Unicast mode allows you to assign a dedicated IP address to each member in the array. However, all frames are always delivered to all members of the array. Frames are passed up the TCP/IP stack and are accepted or dropped based on the destination IP address in the communication and the dedicated IP address. If the dedicated IP address and the IP address in the packet don’t match and the destination address is not the shared VIP, then the stack drops the packet. The disadvantage of unicast mode and the dedicated IP addresses is that incoming traffic to the dedicated IP address is delivered to all members of the array.

 

 

Multicast Mode

The other NLB mode is multicast mode. Microsoft would prefer to set the default mode to multicast, but there are problems because certain Cisco devices don’t allow multicast MAC addresses to be associated with a unicast IP address and the Cisco device will not insert a multicast MAC address its ARP table if its associated with a unicast IP address.

Before we get more into the subject of multicast mode, we should go over concept of the multicast MAC address. Multicast MAC addresses allow multiple computers to listen on the same MAC address. All the machines listening on the same multicast MAC address are referred to as a “multicast group”. A single NIC can listen on both a unicast MAC address and a multicast MAC address in the same way that it can listen on a unicast IP address (such as 192.168.1.1) and a multicast IP address (such as 224.0.1.24). Frames sent to the multicast MAC address are accepted by the adapters listening on that multicast address and frames directed to a unicast MAC address are accepted by the single host that owns the particular unicast address.
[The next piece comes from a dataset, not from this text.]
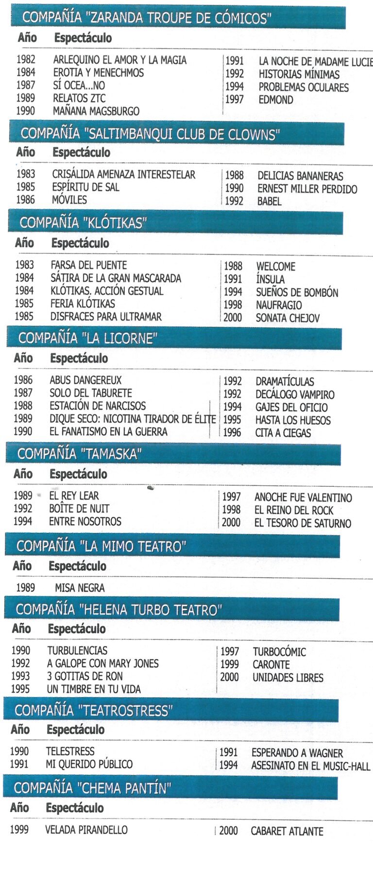 | AÑO | COMPAÑÍA | PRIMER ESPECTÁCULO |

This multicast MAC address allows you to “spray” frames to all switch ports, since switch ports never automatically register multicast addresses. The frames are passed up the TCP/IP stack to the higher level protocols for further processing. Even though the NIC driver accepts frames sent to the multicast MAC address, they can still be dropped by the higher level protocol, such as when port rules determine that a particular host would not handle requests for the destination TCP or UDP port in the packet.
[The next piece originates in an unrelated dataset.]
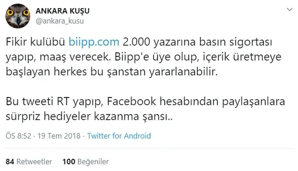 Dikkat çeken bir diğer paylaşımlardan biri de 'Ankara Kuşu' hesabından 19 Temmuz 2018 günü yapılan bir reklam oldu. Reklam'da 'Fikir Kulübü biipp.com' ismiyle bir sitenin tanıtımı yapıldı. Tweettte; "Fikir kulübü biipp.com 2.000 yazarına basın sigortası yapıp, maaş verecek. Biipp'e üye olup, içerik üretmeye başlayan herkes bu şanstan yararlanabilir. Bu tweeti RT yapıp, Facebook hesabından paylaşanlara sürpriz hediyeler kazanma şansı..." yazdığı görülüyor.

When you use NLB in multicast mode, the NLB adapters retain their original MAC addresses and this address is used to communicate with individual members in the array via the dedicated IP address on each array member. Since the dedicated IP address bound to the NLB adapter is associated with a unique MAC address, the NLB adapters are able to communicate with one another. When one adapter sends an ARP request for the dedicated IP address of another adapter in the array, the adapter will respond to the ARP with its is own actual MAC address, not the NLB MAC address.

Network switches vary in how they handle frames directed to multicast MAC addresses. Simple SOHO switches pass the frames to all switch ports in the same way that happens with the switch flooding you see with unicast mode, as you see in the figure below. More sophisticated switches can be configured to recognize the multicast group and limit multicast frame delivery to the ports that have members of that multicast group.
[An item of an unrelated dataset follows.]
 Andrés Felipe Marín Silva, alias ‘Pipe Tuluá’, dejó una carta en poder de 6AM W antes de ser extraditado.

Quick Tip: You can tell a multicast MAC address from a unicast MAC address by looking at the high order octet in the MAC address. If the low order bit in the high order octet in the MAC address is 1, then the address is a multicast MAC address. If the low order bit in the higher order octet in the MAC address is 0, then the address is a unicast MAC address.

The figure below shows an ARP Reply from a multicast NLB array member.

2 231.773273 LOCAL 00505640423E ARP_RARP ARP: Reply, Target IP: 172.16.0.2 Target Hdwr Addr: 00505640423E

Frame: Base frame properties

Frame: Time of capture = 1/31/2003 13:50:16.679

Frame: Time delta from previous physical frame: 0 microseconds

Frame: Frame number: 2

Frame: Total frame length: 42 bytes

Frame: Capture frame length: 42 bytes

Frame: Frame data: Number of data bytes remaining = 42 (0x002A)

ETHERNET: ETYPE = 0x0806 : Protocol = ARP: Address Resolution Protocol

ETHERNET: Destination address : 00505640423E

ETHERNET: …….0 = Individual address

ETHERNET: ……0. = Universally administered address

ETHERNET: Source address : 00505640420E

ETHERNET: …….0 = No routing information present

ETHERNET: ……0. = Universally administered address

ETHERNET: Frame Length : 42 (0x002A)

ETHERNET: Ethernet Type : 0x0806 (ARP: Address Resolution Protocol)

ETHERNET: Ethernet Data: Number of data bytes remaining = 28 (0x001C)

ARP_RARP: ARP: Reply, Target IP: 172.16.0.2 Target Hdwr Addr: 00505640423E

ARP_RARP: Hardware Type = Ethernet (10Mb)

ARP_RARP: Protocol Type = 2048 (0x800)

ARP_RARP: Hardware Address Length = 6 (0x6)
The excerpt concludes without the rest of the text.